Repeat the listing that follows, character for character, minus the pictures.

__Information provided__:
=== Section Start ===
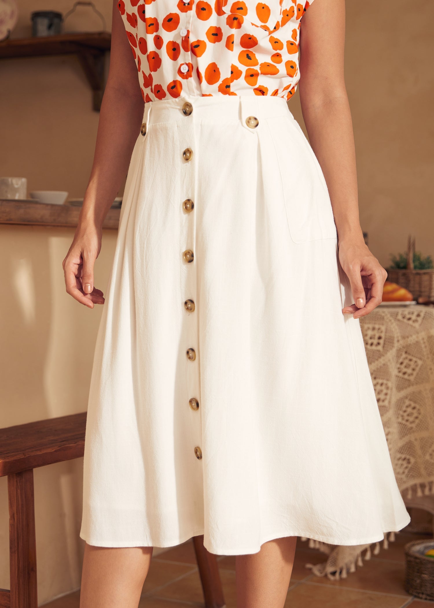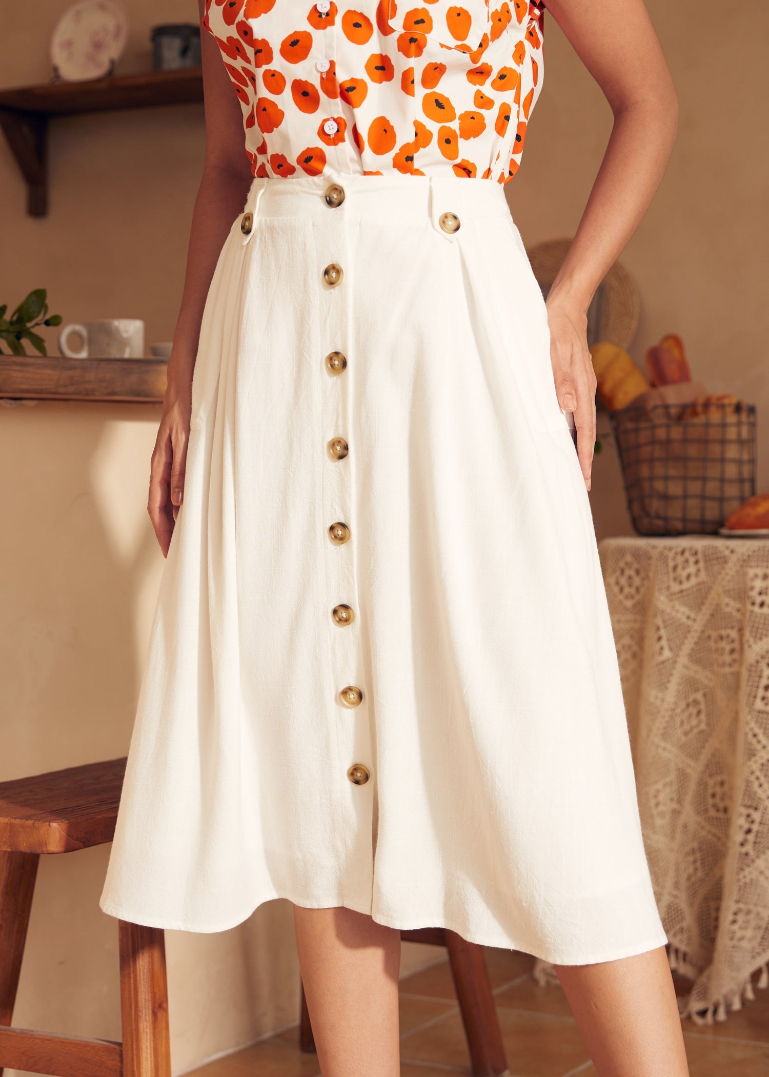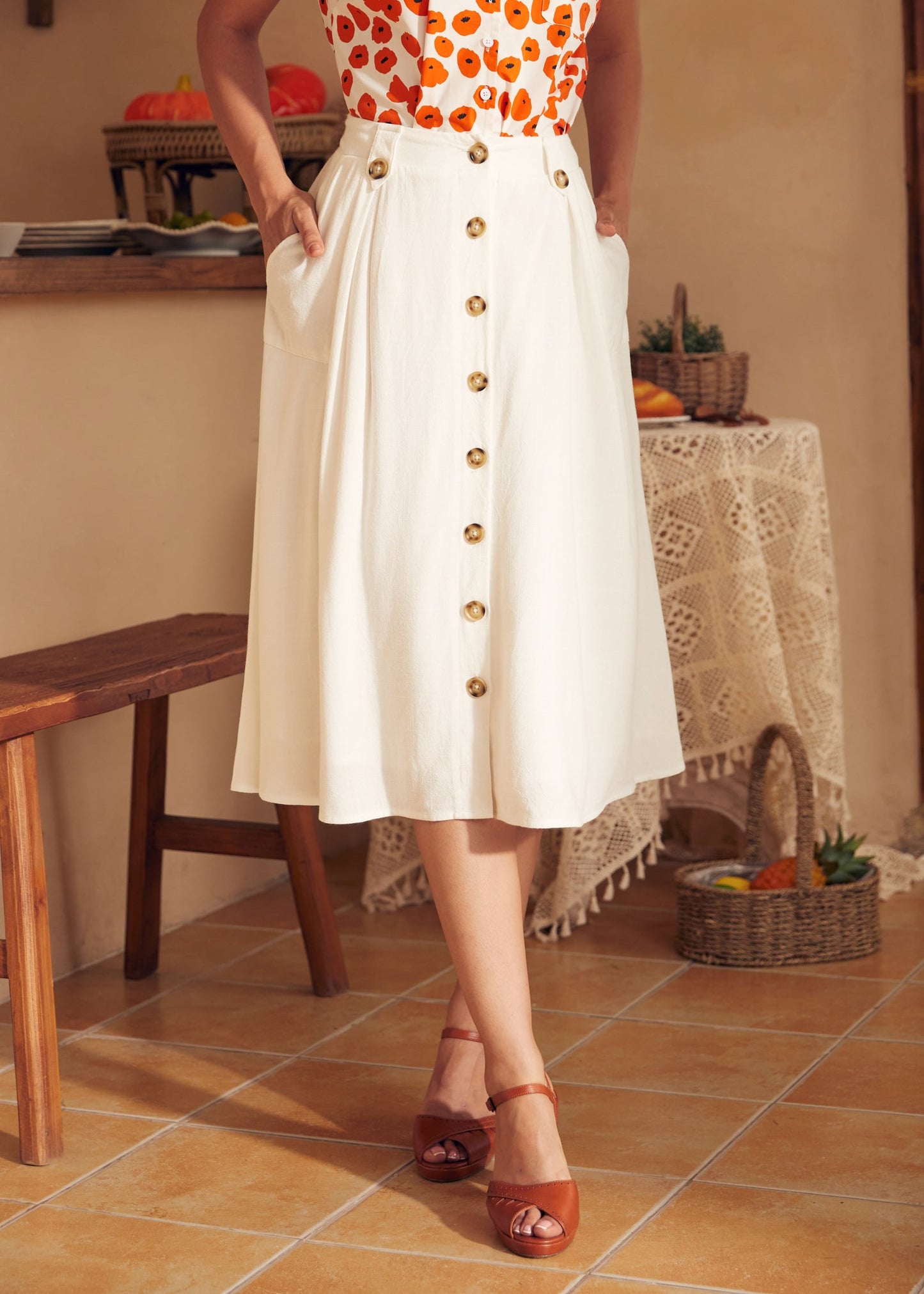 Sunwashed days call for timeless style—enter the Press de Provence Skirt from our ModCloth namesake label. Crafted in breathable white linen with crisp pleats and tabbed waist detail, this midi brings a dash of retro French charm to your warm-weather wardrobe. Perfect for market strolls, picnic dates, and daydreaming under the sun.
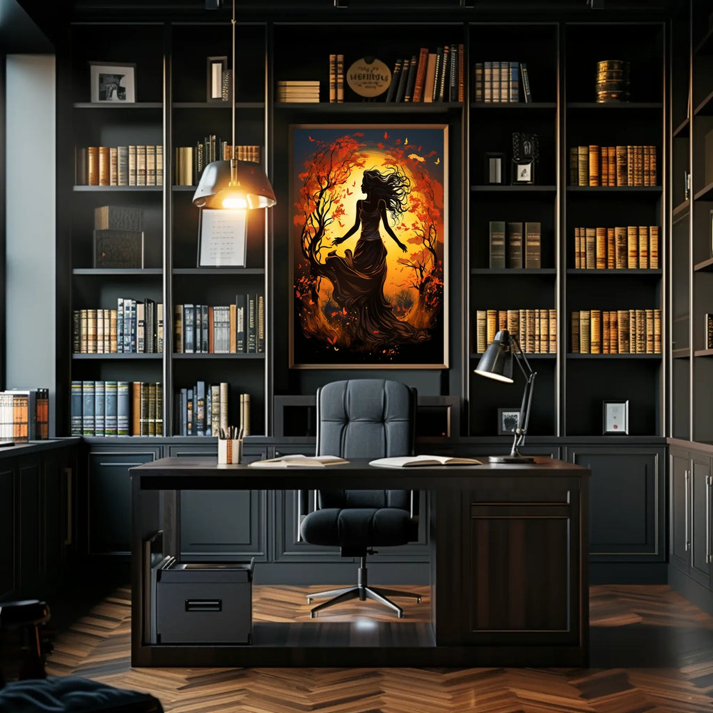 - Printed with precision and made to inspire, this artwork is more than decoration—it’s a conversation piece that connects nature, art, and the energy of the season. Bring Autumn Dance: Silhouetted Woman in Vibrant Landscape into your home, classroom, or office today and let your walls tell a powerful story.
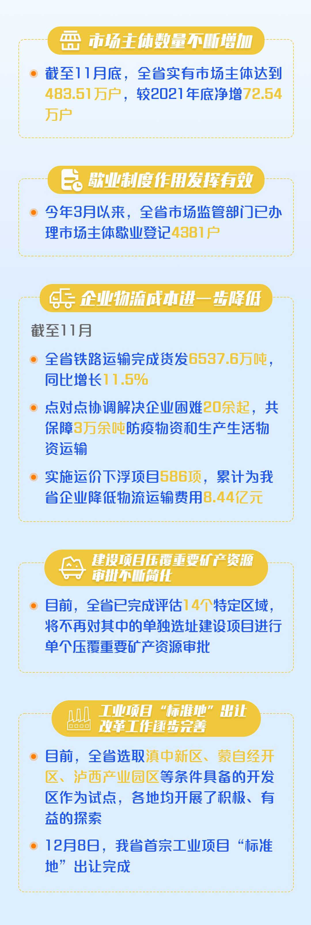?雖然我省優(yōu)化營(yíng)商環(huán)境工作取得了一定成效,但是當(dāng)前經(jīng)濟(jì)運(yùn)行面臨一些突出矛盾和問(wèn)題,市場(chǎng)主體特別是中小微企業(yè)、個(gè)體工商戶生產(chǎn)經(jīng)營(yíng)困難依然較多。10月19日,云南省人民政府辦公廳印發(fā)了《關(guān)于進(jìn)一步優(yōu)化營(yíng)商環(huán)境降低市場(chǎng)主體制度性交易成本的若干措施的通知》,推動(dòng)降低市場(chǎng)主體準(zhǔn)入成本、推動(dòng)減輕市場(chǎng)主體經(jīng)營(yíng)負(fù)擔(dān)、推動(dòng)降低市場(chǎng)主體辦事成本、切實(shí)保護(hù)市場(chǎng)主體合法權(quán)益、切實(shí)穩(wěn)定市場(chǎng)主體政策預(yù)期,幫助市場(chǎng)主體解難題、渡難關(guān)、復(fù)元?dú)?、增活力,加力鞏固?jīng)濟(jì)恢復(fù)發(fā)展基礎(chǔ)。
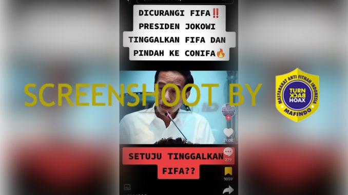 Sebuah akun TikTok membagikan informasi yang mengklaim sepak bola Indonesia meninggalkan FIFA karena dicurangi. Video itu menampilkan cuplikan pidato Presiden Jokowi. Pengunggah menyebut Indonesia bergabung dengan Confederation of Independent Football Associations (Conifa). Faktanya, saat ini Indonesia masih menjadi bagian dari FIFA.
=== Section End ===
__Answer to the problem__:
 Sunwashed days call for timeless style—enter the Press de Provence Skirt from our ModCloth namesake label. Crafted in breathable white linen with crisp pleats and tabbed waist detail, this midi brings a dash of retro French charm to your warm-weather wardrobe. Perfect for market strolls, picnic dates, and daydreaming under the sun.
 - Printed with precision and made to inspire, this artwork is more than decoration—it’s a conversation piece that connects nature, art, and the energy of the season. Bring Autumn Dance: Silhouetted Woman in Vibrant Landscape into your home, classroom, or office today and let your walls tell a powerful story.
?雖然我省優(yōu)化營(yíng)商環(huán)境工作取得了一定成效,但是當(dāng)前經(jīng)濟(jì)運(yùn)行面臨一些突出矛盾和問(wèn)題,市場(chǎng)主體特別是中小微企業(yè)、個(gè)體工商戶生產(chǎn)經(jīng)營(yíng)困難依然較多。10月19日,云南省人民政府辦公廳印發(fā)了《關(guān)于進(jìn)一步優(yōu)化營(yíng)商環(huán)境降低市場(chǎng)主體制度性交易成本的若干措施的通知》,推動(dòng)降低市場(chǎng)主體準(zhǔn)入成本、推動(dòng)減輕市場(chǎng)主體經(jīng)營(yíng)負(fù)擔(dān)、推動(dòng)降低市場(chǎng)主體辦事成本、切實(shí)保護(hù)市場(chǎng)主體合法權(quán)益、切實(shí)穩(wěn)定市場(chǎng)主體政策預(yù)期,幫助市場(chǎng)主體解難題、渡難關(guān)、復(fù)元?dú)?、增活力,加力鞏固?jīng)濟(jì)恢復(fù)發(fā)展基礎(chǔ)。
 Sebuah akun TikTok membagikan informasi yang mengklaim sepak bola Indonesia meninggalkan FIFA karena dicurangi. Video itu menampilkan cuplikan pidato Presiden Jokowi. Pengunggah menyebut Indonesia bergabung dengan Confederation of Independent Football Associations (Conifa). Faktanya, saat ini Indonesia masih menjadi bagian dari FIFA.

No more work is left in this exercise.